A lo largo del siglo XX construimos instituciones productivas, laborales y educativas que llevaron a mejoras inéditas en el bienestar, y que en conjunto actuaron como un fuerte mecanismo de igualación de ingresos. Pero las ventajas venían con una trampa: buena parte de los trabajos son relativamente rutinarios y poco desafiantes en términos cognitivos: repetición de tareas manuales específicas, procesamiento de datos e información, seguimiento de secuencias o procesos dentro de la empresa.

El conjunto de habilidades y conocimientos que una persona requería para integrarse al mercado laboral, si bien más sofisticados que los demandados en las épocas de las máquinas de vapor en el siglo XIX, podían ser codificados en una curricula y un conjunto de libros; se consolidaba así la factoría educativa como correlato de la gran factoría productiva.

Estas instituciones o factorías dieron lugar a una nueva generación de trabajadores, que fueron denominados “acomodados” o “prósperos” debido a las palpables mejoras materiales que experimentaron si se compara con los trabajadores manuales del pasado. Pero esas mejoras venían acompañadas de una marcada deshumanización en las tareas laborales.

Cuando Karel Capek inventó la palabra “robot”, para su obra de teatro R.U.R. de 1921, la pensó en un sentido bien distinto al que la utilizamos hoy. No planteaba máquinas que lograban recrear la capacidad cognitiva de los humanos; en cambio, trataba de mostrar lo deshumanizados que eran los puestos de trabajo en la era de la gran factoría productiva y educativa. Tanto era así que un trabajador podía ser indistinguible de una máquina.

Con el tiempo, muchos trabajos fueron agregando contenido cognitivo asociado a habilidades que representan cuellos de botella para la IA, como la creatividad o el pensamiento abstracto. Sin embargo, en la actualidad apenas un 30% de los trabajos realiza mayormente estas tareas que están “a salvo” de la IA. Y, por supuesto, hay asimetría que debe preocupar adicionalmente: en los países de altos ingresos ese porcentaje sube al 45% y en los países de bajos ingresos baja al 6%.

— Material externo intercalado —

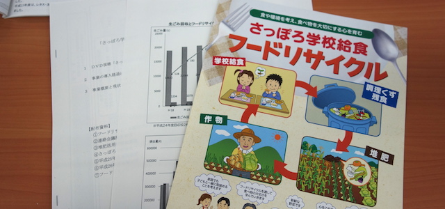 札幌市ではゴミの分別、資源化促進の一環で、学校給食を作る過程で発生する調理くずや、食べ残しなどの生ゴミを堆肥化し、その堆肥を利用して作物を栽培し、その作物を学校給食食材として子ども達が食べるという、食物の循環としてフードリサイクルが、平成18年度から取組まれています。現在小学校、中学校、特別支援学校が合計302校あるという中で、298校から2,290トンの回収が行われ、152校で堆肥活用が行われています。また、リサイクル堆肥を使用した作物は平成25年度実績で、レタスが277校に1〜2回、4.2トン、玉ねぎが全学校に4週間、66.9トン、とうもろこしが201校(子学校含む)、25,362本、かぼちゃが10校(子学校含む)、161キロ、提供されています。フードリサイクルの取組みについては連絡会議が設置され、教育委員会、環境局、経済局が関わっていますが、庶務は教育委員会が担当しています。これは「子ども達の教育のため」に取組むことから、環境局ではなく、教育委員会にとなったと言います。この取組みを通じて子ども達は、感謝して食べるという意識を持ったり、食べ残しが減ったり、ゴミの分別意識が高まったりと、食育上の成果が上がっていると言います。
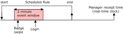 Note that if you deploy this rule in real-time rules, the rule is not triggered to capture the events you want to correlate. Although the badge swipe events are actually occurring within 2 minutes of login events (according to event end times), the Manager Receipt Time for badge swipe events is always hours later (whenever they are submitted as batched events). In this kind of scenario, the real-time rules engine would never correlate these events because the badge swipe events (with late Manager Receipt time) would be read in so much later.
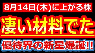 【優待投資界の新星】6.6%利回り&デジタルギフト、攻めすぎじゃない?8/14(木)に株価が上がる株・明日上がる株・来週上がる株・株式投資日本株最新情報
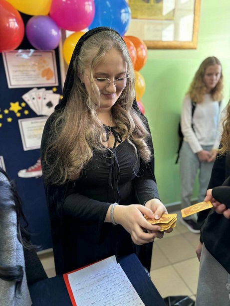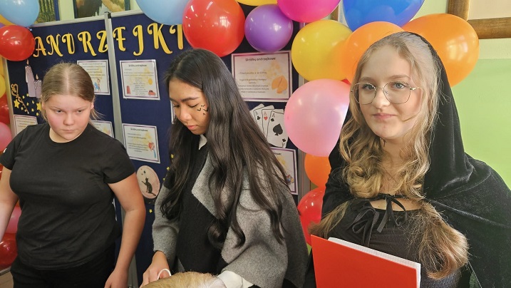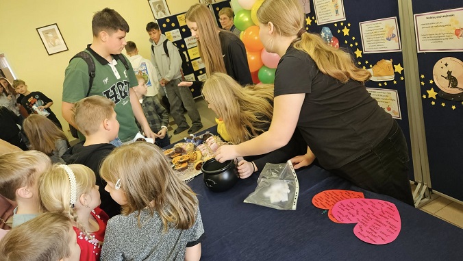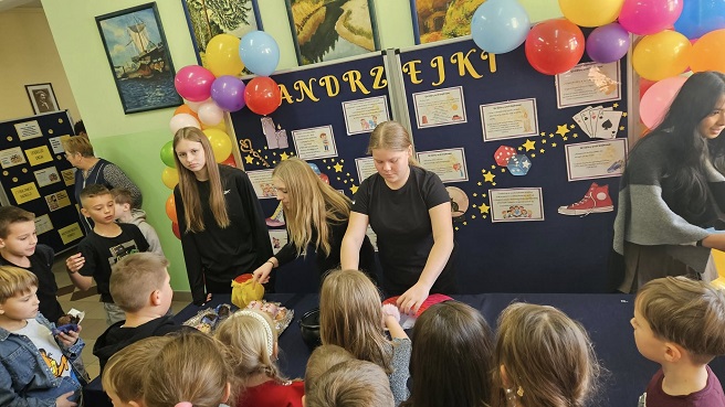 Uczennice klasy 8 działające w Samorządzie Uczniowskim przygotowały dla młodszych kolegów i koleżanek magiczne wróżby, które cieszyły się ogromnym zainteresowaniem.

La conclusión que emerge de este análisis es que las nuevas soluciones de IA no parecen amenazar a la especie humana en un futuro cercano, aunque, si seguimos formando trabajadores-robot en el sentido de Capek, sí pueden ser fuente de mayor desigualdad.

Solo la porción de los trabajadores que cuenten con las habilidades apropiadas -y por supuesto las empresas dueñas de las innovaciones- podrán beneficiarse; para el resto, las condiciones laborales solo pueden empeorar.

Es posible pensar un futuro distinto, pero para ello debe rediseñarse enteramente la gran factoría educativa, desde las instancias tempranas de primera infancia hasta la formación para el trabajo de los no nativos digitales. A ello, y no a las distopías de máquinas pensantes que dominan el mundo, deberíamos comenzar a concentrar nuestros esfuerzos.